Schematic diagram of high-resolution spatial proteome detection and
analysis process at the level of whole tissue slices
Supported by the National Natural Science Foundation of China (Grant No.:
32025009, 32130020, 32400533, 32300538), Zhao Fangqing and Ji Peifeng from the
Institute of Zoology of the Chinese Academy of Sciences have made progress in
the field of artificial intelligence driven space proteomics technology. The
research results are entitled "High resolution spatially resolved proteins of
complex tissues based on microfluidics and transfer learning" and published
online in Cell on January 23, 2025) Magazine, paper link:
https://www.cell.com/cell/fulltext/S0092-8674 (24)01436-3#sec-5。
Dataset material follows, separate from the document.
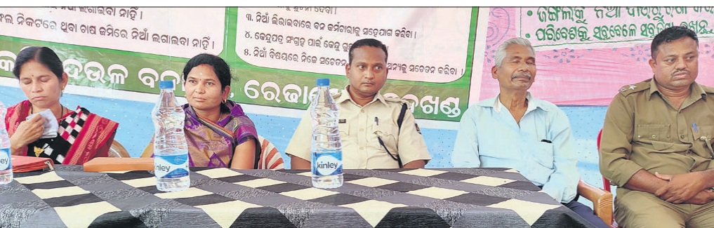
କାର୍ଯ୍ୟକ୍ରମରେ ଯୋଗଦେଇଥିବା ଅତିଥିମାନେ।

Space omics technology has become an important tool for analyzing tissue
heterogeneity and complex cellular interaction mechanisms. Especially, spatial
transcriptomics technology has shown great potential in embryonic development,
neuroscience, and disease mechanism research. However, existing spatial
proteomics techniques are limited in their application in complex tissue
research due to factors such as mass spectrometry detection flux and high cost,
making it difficult to meet the requirements of high-resolution and large-area
tissue analysis.
The research team proposed PLATO, an artificial intelligence driven spatial
proteomics measurement and analysis technology framework, which integrates deep
learning algorithms with microfluidic technology to achieve high-resolution
spatial proteome detection at the tissue slice level. Firstly, this study
combined microfluidic technology to develop a high-throughput, low-cost parallel
in-situ sampling platform that can achieve flexible and accurate sampling in the
resolution range of 25 to 100 micrometers. Secondly, this study uses artificial
intelligence algorithms to restore the spatial position information of proteins,
breaking through the limitations of traditional mass spectrometry technology in
obtaining spatial information and significantly improving the coverage and
resolution of spatial proteomics. The research team used this technology to
analyze the spatial distribution of proteins with high resolution in mouse brain
tissue, intestinal villi, breast cancer and other complex tissues, further
verifying the huge potential of this method in different application scenarios
and research directions.
This study deeply integrates artificial intelligence algorithms,
microfluidics, and mass spectrometry technologies, achieving important
breakthroughs and technological iteration innovations in spatial omics
technology. It provides strong support for revealing protein dynamic
distribution and exploring the molecular mechanisms of complex biological
processes, and is expected to play an important role in disease diagnosis,
precision medicine, and agricultural biotechnology.